Quiz shareholders have today voted in favour of delisting from the London stock market. This move will revert Quiz to private ownership as it prepares to seek funding in the coming months.
The fashion brand published a statement proposing its exit from the Alternative Investment Market (AIM) and going private in December.
Today, over 98% of shareholders backed the resolutions to delist and re-register as a private limited company. Tarak Ramzan, who founded the business in 1993, voted in favour of the move, along with major investors Tajveer and Amraj Gill.
Quiz’s shares will cease trading at 7:00 on 23 January.
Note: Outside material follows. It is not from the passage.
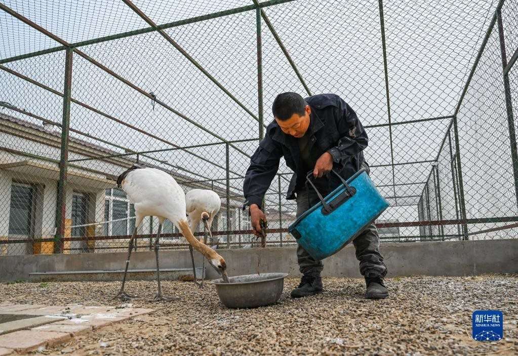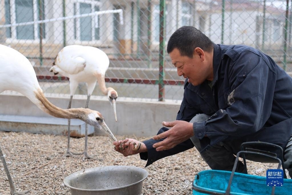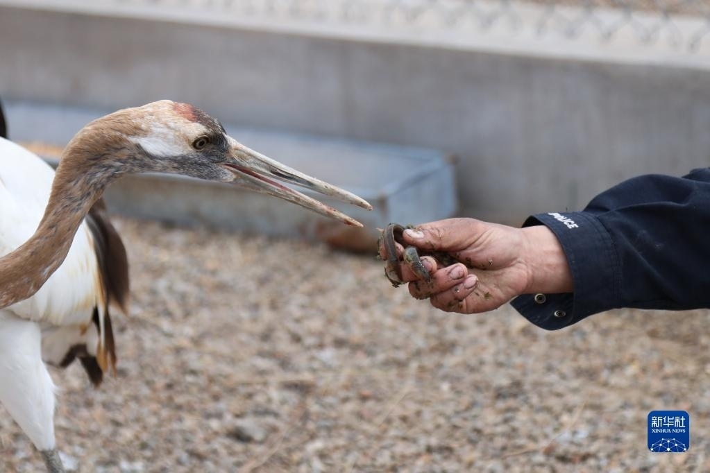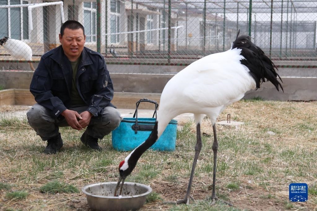 5月11日,徐沃德樂胡在觀察救助的丹頂鶴進食。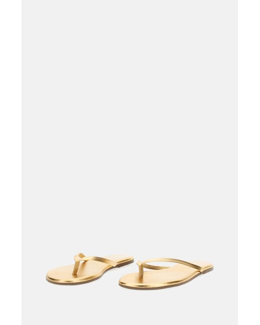 Metallic gold leather thong sandalsFlat rubber-covered sole

On 27 January, it will formally re-register as a private limited company.
The company said the decision was “in the best interests of the company and its shareholders”, adding that it had a £4 million borrowing facility that expires at the end of June, which was repayable on demand.
It comes as Quiz faces ongoing financial pressures, as are many British retailers who are preparing for looming hikes to employer’s national insurance imposed by the Government.
Quiz recently reported that its half-year losses more than doubled, warning it could exhaust its remaining cash by early 2025. It said cash reserves had fallen to £500,000 by the end of December, down from £1.2 million at the start of the month.
The brand attributed its ailing financial situation to “disappointing revenues” in the lead-up to Christmas, leaving its cash headroom “less than previously anticipated”. It will therefore require additional funding by early next year.
In its latest update published on 27 December, Quiz revealed its pre-tax losses had risen significantly, from £1.5 million to £4.7 million, for the six months ending 30 September. Sales dropped 7.5% to £39.1 million, due to a “marked decline in traffic both online and in-store”.